--- Dataset Enclosed Below ---

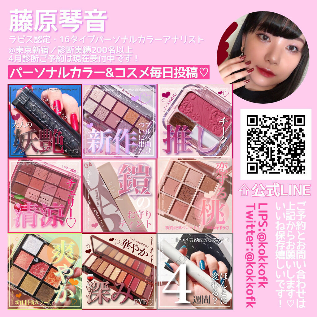 薄く唇に密着する新作マットティント。 マットなのにかなりしっとりとしていて 乾燥を感じなくてびっくりでした! 一気にこなれ感が出るトレンドカラーです♡ やや青みの華やかローズレッド 公式画像より鮮やかめに感じました。 やや黄みの強くて深いオレンジレッド ストロングオータムに超激推しです! やや黄みの非常に深く濃いダークブラウン ディープオータムに激推しです! かわいい雰囲気になれるピンクリップです♡ やや青みの柔らかいくすみピンクベージュ ミューテッドサマーにおすすめです! 青みの落ち着いたローズピンク やや青みのとても鮮やかなビビッドレッド ビビッドウィンターに特におすすめ! 既存マットティントよりもさらに ふわふわなマット感が魅力のリップで、 軽くティッシュオフしてもほとんど落ちない◎ マスクにも激推しのティントなので、 ぜひ皆さんもチェックしてみてね❤︎
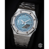 This exquisite timepiece features a robust case crafted from 316L stainless steel, known for its durability and corrosion resistance. The case measures 44mm in diameter and 11.8mm in thickness, providing a substantial yet comfortable presence on the wrist. Its horn-to-horn length is 54mm, ensuring a balanced fit for a variety of wrist sizes. The watch is secured with a screwed crown made from the same high-grade stainless steel, enhancing its water resistance and longevity.
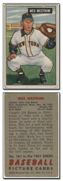 You have: 1951 Bowman Baseball Card #161 Wes Westrum
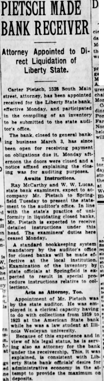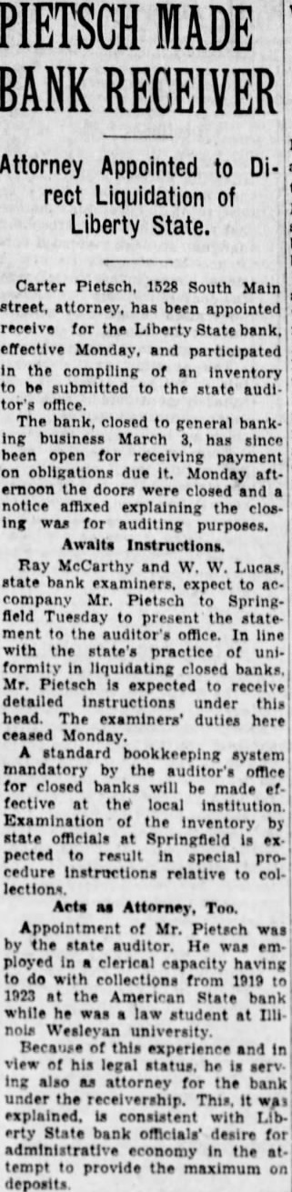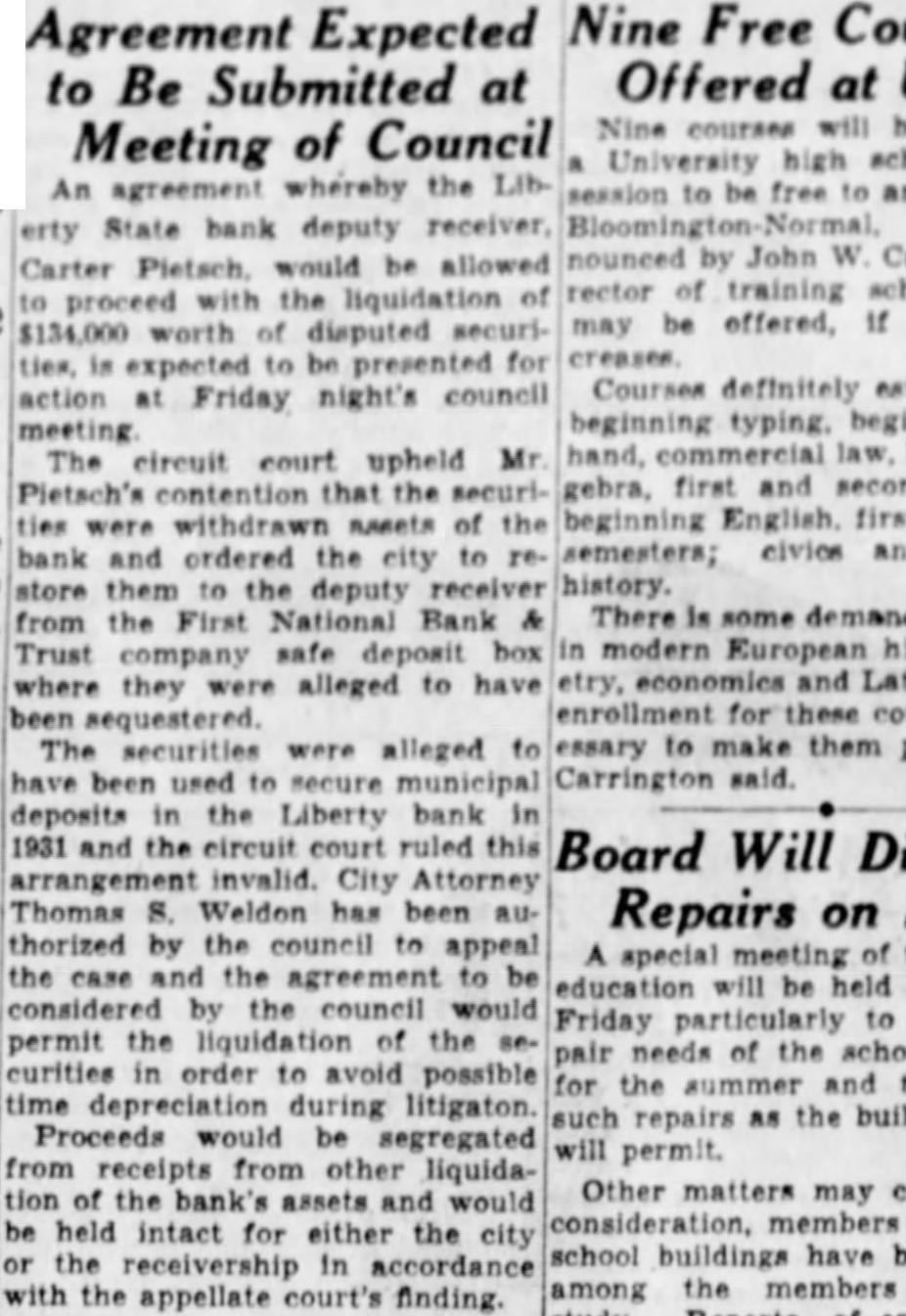 "The depositors of the Liberty State bank," Mr. Pietsch told Pantagraph reporter, "are entitled to as much protection as the municipality. The appellate court's opinion in the case of the People ex rel. Nelson versus Seward State bank. handed down in October, 1932, held such secret agreement invalid and void.
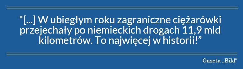 W ten sposób gazety opisywały coraz większą obecność zagranicznych przewoźników na niemieckich rynku. Dziś już 40 proc. ruchu ciężarowego w Niemczech generują pojazdy na obcych tablicach a ich udział stale się zwiększa.

--- End of Enclosed Dataset ---

Work required
An exact copy of the entries above is required; pictures are not part of it.

Answer box
 薄く唇に密着する新作マットティント。 マットなのにかなりしっとりとしていて 乾燥を感じなくてびっくりでした! 一気にこなれ感が出るトレンドカラーです♡ やや青みの華やかローズレッド 公式画像より鮮やかめに感じました。 やや黄みの強くて深いオレンジレッド ストロングオータムに超激推しです! やや黄みの非常に深く濃いダークブラウン ディープオータムに激推しです! かわいい雰囲気になれるピンクリップです♡ やや青みの柔らかいくすみピンクベージュ ミューテッドサマーにおすすめです! 青みの落ち着いたローズピンク やや青みのとても鮮やかなビビッドレッド ビビッドウィンターに特におすすめ! 既存マットティントよりもさらに ふわふわなマット感が魅力のリップで、 軽くティッシュオフしてもほとんど落ちない◎ マスクにも激推しのティントなので、 ぜひ皆さんもチェックしてみてね❤︎
 This exquisite timepiece features a robust case crafted from 316L stainless steel, known for its durability and corrosion resistance. The case measures 44mm in diameter and 11.8mm in thickness, providing a substantial yet comfortable presence on the wrist. Its horn-to-horn length is 54mm, ensuring a balanced fit for a variety of wrist sizes. The watch is secured with a screwed crown made from the same high-grade stainless steel, enhancing its water resistance and longevity.
 You have: 1951 Bowman Baseball Card #161 Wes Westrum
 "The depositors of the Liberty State bank," Mr. Pietsch told Pantagraph reporter, "are entitled to as much protection as the municipality. The appellate court's opinion in the case of the People ex rel. Nelson versus Seward State bank. handed down in October, 1932, held such secret agreement invalid and void.
 W ten sposób gazety opisywały coraz większą obecność zagranicznych przewoźników na niemieckich rynku. Dziś już 40 proc. ruchu ciężarowego w Niemczech generują pojazdy na obcych tablicach a ich udział stale się zwiększa.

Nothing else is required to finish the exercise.